Выбери любимый жанр

Черные береты - Иванов Николай Федорович - Страница 14


Изменить размер шрифта:

14

– А ты думаешь, латыши только сейчас задумали пересажать нас по тюрьмам? Как бы не так. Еще когда служил в Латвии, мы знали, что против ОМОНа разработана операция «Березовая роща». Цель – переломать нас по одному, как деревья. Подставить, оклеветать, спровоцировать. Одним словом – вырубить.

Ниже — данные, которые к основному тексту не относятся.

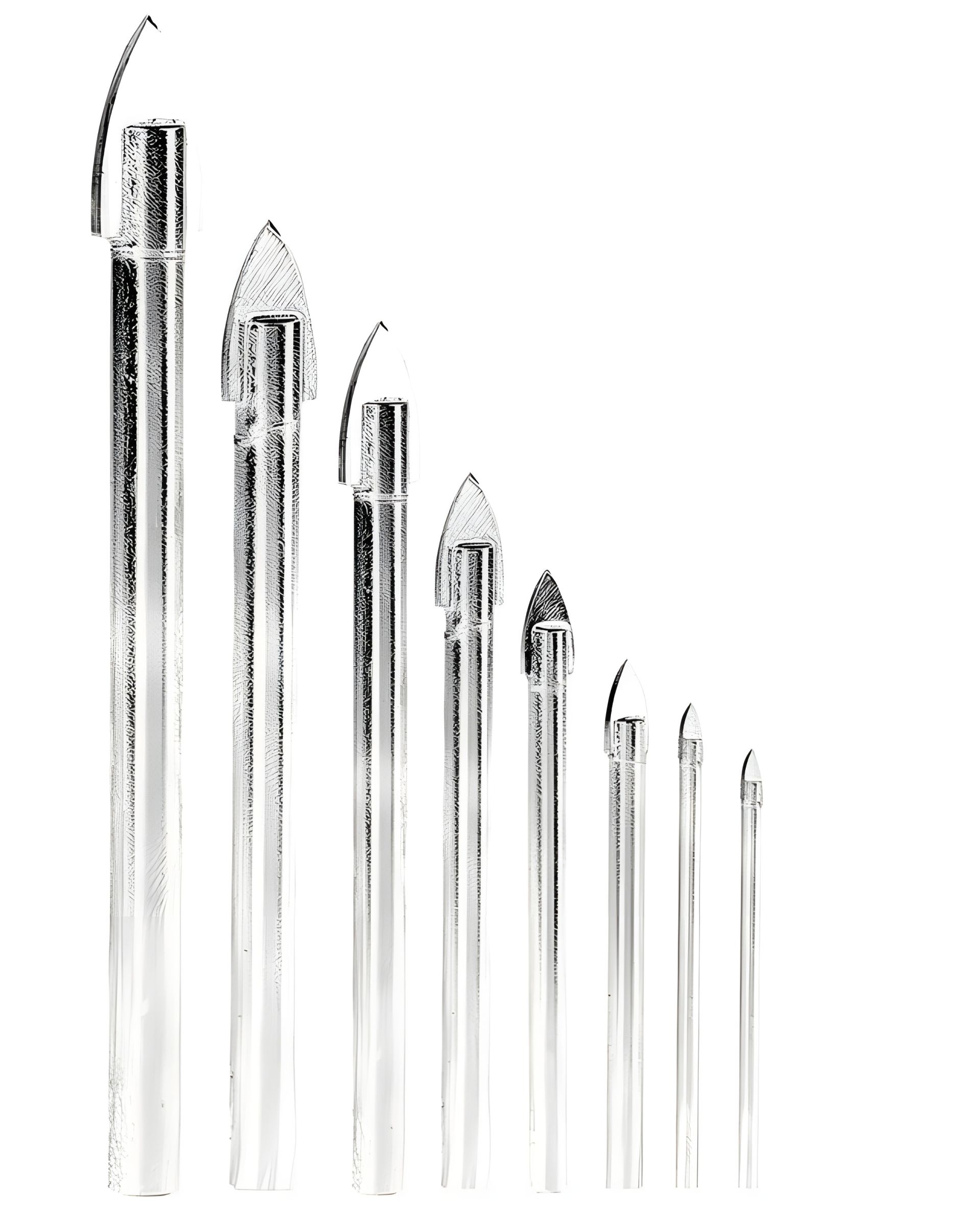 Набор сверл-пик для стекла и керамики 8 шт 4х60/5х65/6х68-2 шт/8х70-2 шт/10х85/12х90 мм — универсальный комплект для точного сверления отверстий в стекле, керамической плитке, зеркалах и фарфоре без образования трещин или сколов.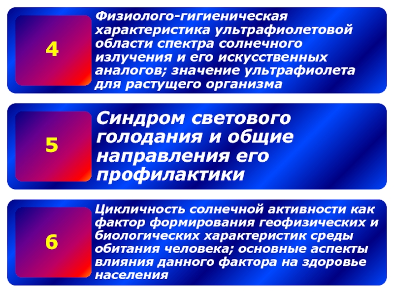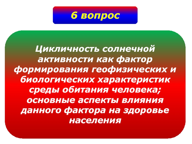 6 вопросЦикличность солнечнойактивности как факторформирования геофизических ибиологических характеристиксреды обитания человека;основные аспекты влиянияданного фактора на здоровьенаселения

– Ну, вот видишь, сам все прекрасно понимаешь. Поэтому не дури и пережди хотя бы первое время. Потом решим, что делать. Держи пакет, здесь бутерброды, а это – отпускной и билет до Москвы, – Щеглов вытащил из кармана документы. Тарасевич, не глядя, отвел руку замполита.

– Нет, Сергей. Пусть против меня будет хоть весь мир, а не только Латвия, Россия и банда – я не тронусь с этого места.

– Ты слишком заметная фигура в городе. Тебе не скрыться. Уезжай, Андрей. Пересиди где?нибудь.

– Я вот о чем подумал, – не слушая заместителя, ответил Тарасевич. – Я боюсь, что наше российское руководство возьмет пример с прибалтов и начнет из-за одного меня вешать собак на весь отряд. Держи, – он протянул Щеглову свое удостоверение. – Не доставим им такой радости. Я больше не командир. Я ухожу из органов, которые предают и продают своих офицеров. Я теперь – никто. И поэтому приговариваю убийц Зиты к смерти. Суда не будет, потому что суду прикажут их оправдать. Из-за меня. А теперь оставь меня одного.

– Андрей!

– Все! – губы Андрея запрыгали от сдерживаемого плача. Замполит уловил душевное состояние командира, подался к нему успокоить. Однако старший лейтенант отстранился: – Все. Спасибо за службу и дружбу. Дальше я один.

– Не уеду.

– Не глупи. Сохрани отряд. Это последнее, что у меня осталось на этой земле. А так – ни родителей, ни жены, ни родины, ни Отечества. Волк. Черный волк. А волку легче живется одному.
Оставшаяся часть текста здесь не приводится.